The standard plot has all motivations clearly defined and rationalized, and all ends tied at the end. It is ‘classic’ in the sense that it has existed since the earliest plays were written, but also ‘classic’ in the sense that it is a form that most human beings enjoy watching for the satisfaction of being presented with an orderly world, and with good moral endings.
The loose plot mirrors the standard plot in basic structure, but it ends less completely, there are still bad guys out there, the world is not perfect, and not everything that happens is completely rationally accounted for. That is, even if potentially there might be rational explanations for most actions, we are not privy to them.
The anti plot would be like a Monty Python movie or even the less structured artsy films that seek to ‘explore’ events or feelings without coming up with a particular plot. It may or may not ‘arrive’ at the end. It’s streams of consciousness sort of thinking. Often unsatisfying unless the thrust of the movie resonates particularly with its audience. It is the least frequented movie type.
All three types of plots have their purposes and their audiences. I am not writing to endorse one or the other. McKee claims that the standard plot commands the most viewers. In fact, he calls the ‘standard plot’ the ‘arch-plot’ and describes its viewers (most of the movie viewing public) like this:
Most human being s believe that life brings closed experiences of absolute, irreversible change; that their greatest sources of conflict are external to themselves; that they are the single and active protagonists of their own existence; that their existence operates through continuous time within a consistent, causally interconnected reality, and that inside this reality events happen for explainable and meaningful reasons.
Most people enjoy movies of the standard plot. His description of ‘most humans” preferences reminded me of movies like Superman, Spiderman, etc. All conflict in those movies is ‘external’. There is an enemy that all good people band together against. The super hero and the strong guys fight that enemy to destroy him and save their world.
This is a fine movie to teach kids that there is good and bad in the world, that they need to side with the good, and that bad will not triumph in the end. It is a fine message, it is a fine plot line. When we just need to kick back with a movie, this sort relaxes us because it does not demand much of our mental or empathetic faculties. All we have to do is nod and agree [and perhaps wag a finger at a kid… maybe?].

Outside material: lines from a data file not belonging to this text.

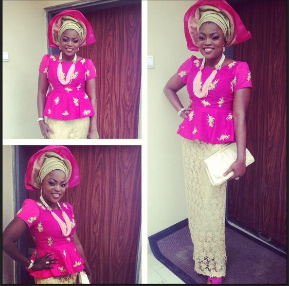 Nothing like seeing your dreams come true. I remember her tweet after attending a celebrity wedding few months ago, “Baby, we are next”. Tiwa Savage was all smiles and respledent on her big day (well, just what we expected, abi) and her traditional outfit? She looked flawless and simply ravishing in them. Her husband Tunji Balogun spruced up in a white Agbada also looked amazing. The strictly-by-invitation ceremony was held at The Ark Vicinity, located at Okunade Bluewater, Lekki, today November 23rd, 2013.
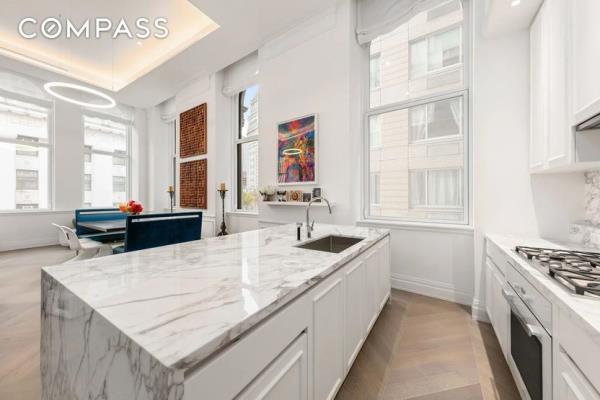 这套公寓拥有高耸的天花板和优雅的设计,面积为2448平方英尺(约合448平方米)。橡木地板和意大利大理石提供高端光泽,厨房里的Miele电器和瀑布岛也是如此。
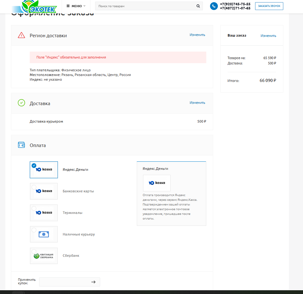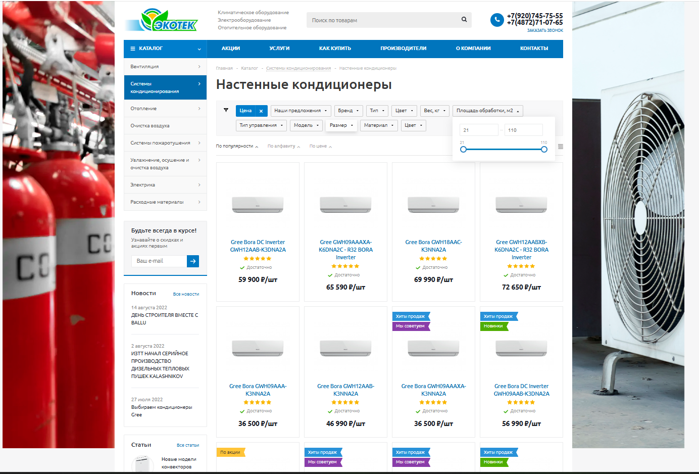 Сайт для компании ООО "Экотек" представляет интернет-магазин с качественно проработанными детальными страницами товаров, на которых выведены основные информация и характеристики товара, приведены технические сведения о продукции.
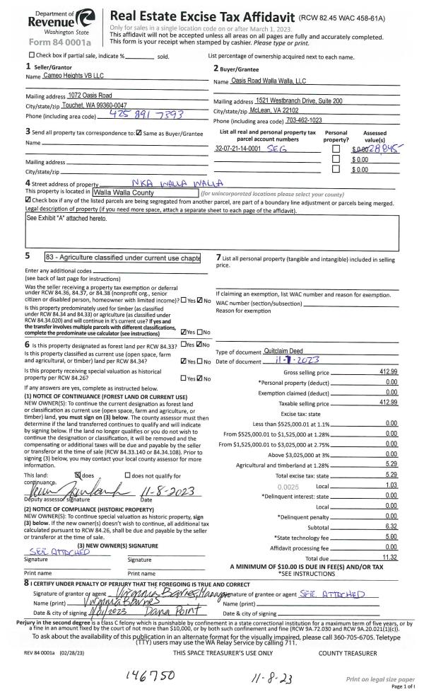 | Mailing Address: | NOE OSORIE VELEZ 1713 PORTLAND AVE WALLA WALLA, WA 99362 | % Ownership: | 100.0000000000% |
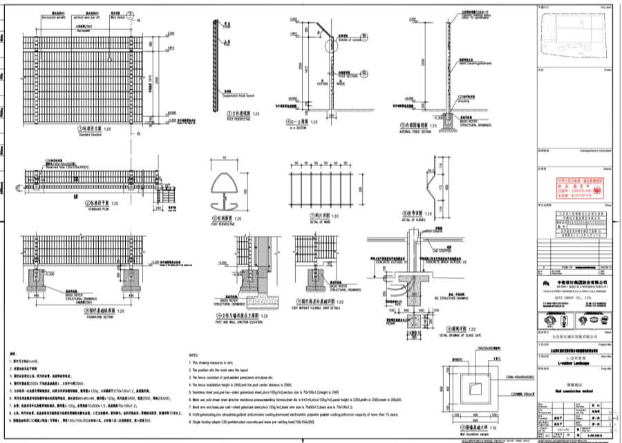 9.圍墻基礎(chǔ)采用C30混凝土現(xiàn)澆(可預(yù)制),預(yù)留150x150x350立柱埋入孔,立柱埋入后二次澆筑固定,埋入深度300。

But there are problems with a constant movie diet of the standard plot too. The standard plot offers an external view of life which pretty much says that “I am OK”. THAT is why it does not demand much of me.
It’s the bad guys in the world that are out to get me that I need to worry about. So my problems are all on the outside. I need to fight those guys to make this world safe for me and mine. That sort of external view of life takes the problem away from me, and it confirms what I like to hear, which is that whatever I perceive as bad in the rest of the world something I have to be on the watch for and fight against (be that in my local clubs, at work, or in church or wherever things are rubbing me wrong.) It is an individualistic and frankly self-centered view of the world. It assumes that I am right to start with, it does not ask of me to empathize with others or learn another point of view because I am already “OK”.
In addition, McKee’s insistence that we as humans tend to believe in a consistent, causally interconnected reality which we can explain and make meaning out of seems to me dangerous, also. The underlying assumption here, is that *I* with my simple mind and with my fallen nature can expect to fully understand and appreciate the reasons for most things that go on in my world. That along with my mandate in the previous paragraph to go out and fight the issues I disagree with makes me a lone ranger who needs to fix my world to protect my own interests.
The problem with the assumption that I really can understand all that goes on in the world is that so often I don’t fully [if at all] understand reasons for what goes on around me, and worst of all often I don’t understand the people around me very well (or at least not completely). When I think I do understand them, and I act decisively and irreversibly on that understanding, I may hurt myself and potentially alienate those others precisely because I do not understand as well as I think I do. But that only exacerbates the problem. They become ‘the bad guys’ because “I am OK” and therefore I get alienated further.
Most movies feed us those simple ideals all the time.
A recent survey across America showed that over half of us never read a book. We read magazines, newspapers, Internet blogs 🙂 and more than anything we grativate towards TV and movies.
This lack of literature, or only getting literature through movie adaptations seems a dangerous trend since movies so often only give us only the externals: simplistic morals of fighting bad guys.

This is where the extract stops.